Today I got an early start, but it was quite unintended. I woke up at 5:30 and after checking the nothingness that happens on Facebook and Twitter, I walked upstairs at 6 and read 40-something pages in my AP biology summer reading book. Until 7. Then I found a Dunkin Donuts bag on the kitchen counter and in it was a chocolate glazed donut. My absolute favorite kind. So, while no one was awake, I sat in a corner, at 6 in the morning, covertly eating a donut by myself, stopping every so often to make sure no one was coming downstairs to catch me.
After my donut, I went back to sleep - engaging in rather lardish activities here on vacation - and at 8 am we were all up, including my best friend who slept over.
We went up to the overpriced convenience store and tried to find the right newspaper out of the overwhelming variety - New York Post, Wall Street Journal (not happening), Daily Item, among others. I was looking for the Globe, but it was all out, and we apparently got the wrong newspaper. One more consumer dollar devoured by the hungry commercial society in which we live.
After buying the wrong newspaper, we came back and went out for a bike ride around town. I wanted to go to the cemetery and water the two plots we visit but we made a few pit stops along the way, like the playground and the wharf (of course).
When we got to the cemetery, I started to take some pictures with my camera and we found my dad's dad and my dad's grandfather's stones in the front of the cemetery, overlooking Short Beach. The flowers were dead and sad looking, so we watered both of them, only it went to waste because it rained in the afternoon. I was glad to see that people were mowing the lawn and that other people were there to fix up the plots of their loved ones. It's important because it's a physical, human, and material way of showing that we love and remember someone who passed.

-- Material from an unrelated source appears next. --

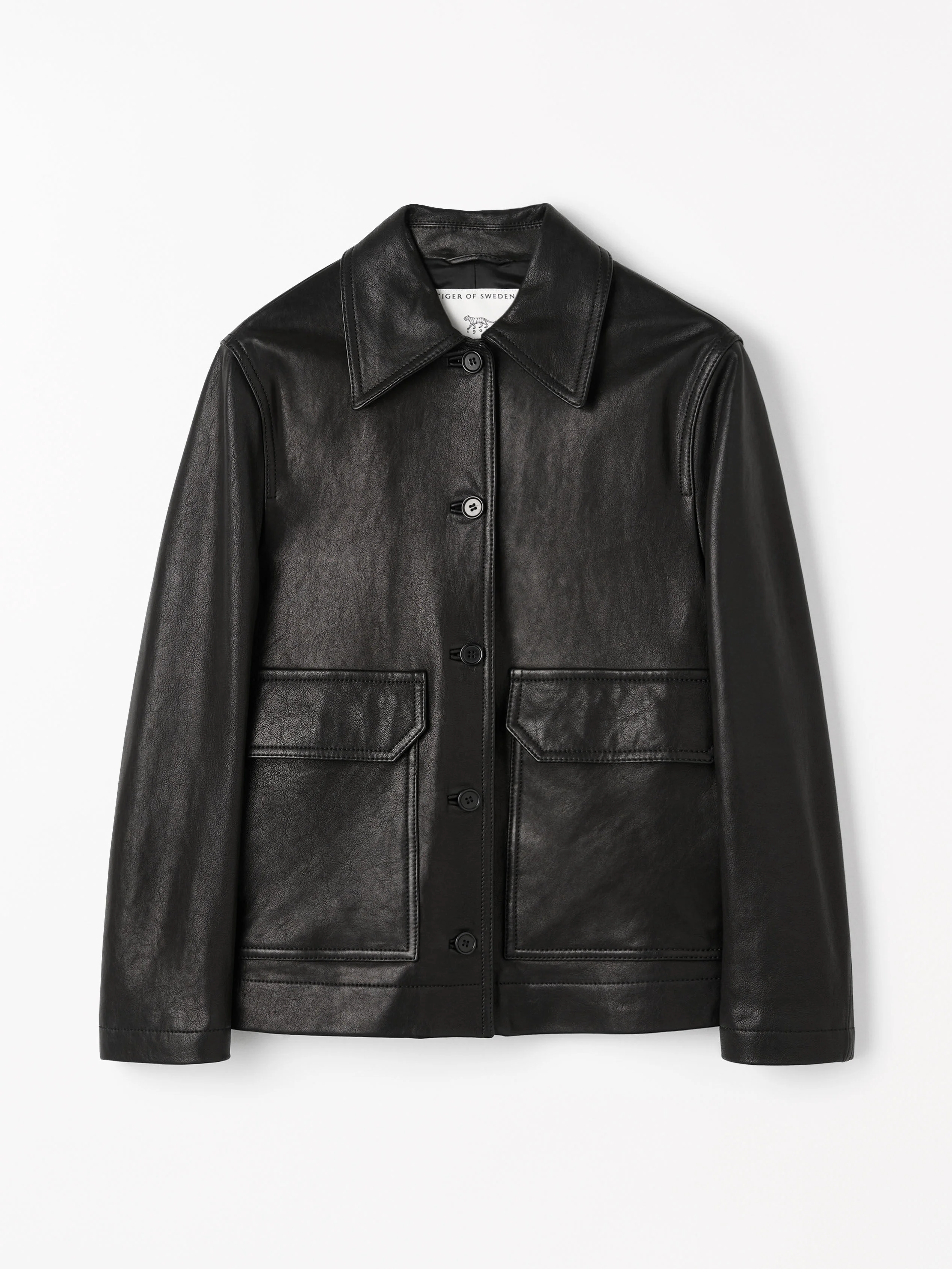 Loanna is a stylish leather jacket designed for everyday wear. Combining casual charm with elegant sophistication, this jacket is a versatile wardrobe staple. It features convenient patch pockets, accessible from both the top and side, ensuring maximum functionality. The wide collar adds a touch of classic appeal, while twin-needle topstitching completes the look with a subtle, casual finish. Product Details - 100% Lamb Leather - Stylish leather jacket - Patch pockets, accessible from both the top and side - Wide collar with twin-needle topstitching - Button closure at centre front - Fully lined - Made in Turkey - Model is 175 cm and wearing a size 36 - To complete the look, wear it with Darla Skirt and Abie Boots - Art No.113474050

When we came back, it rained for the afternoon, and we all - me, my sister, my brother, my best friend, and my two cousins - painted at the bar in the kitchen. We were at it for hours too. Sitting, talking, listening, and having fun. I actually made a picture of birds, but they all interlock with each other. Gotta see it to understand it. It could become a new stationery design.
After dinner we went over to Swampscott and got ice cream and sat next to this goose statue (yet another item that completes my bird motif). Me and my sister identified dog breeds that passed. We must have looked absolutely absurd. But sometimes it's the simple things that count most.
By the way, birds relate to this post in many ways: the bird painting I made today, the seagulls I photographed today, and the "early bird" thing. I was a crazy kid.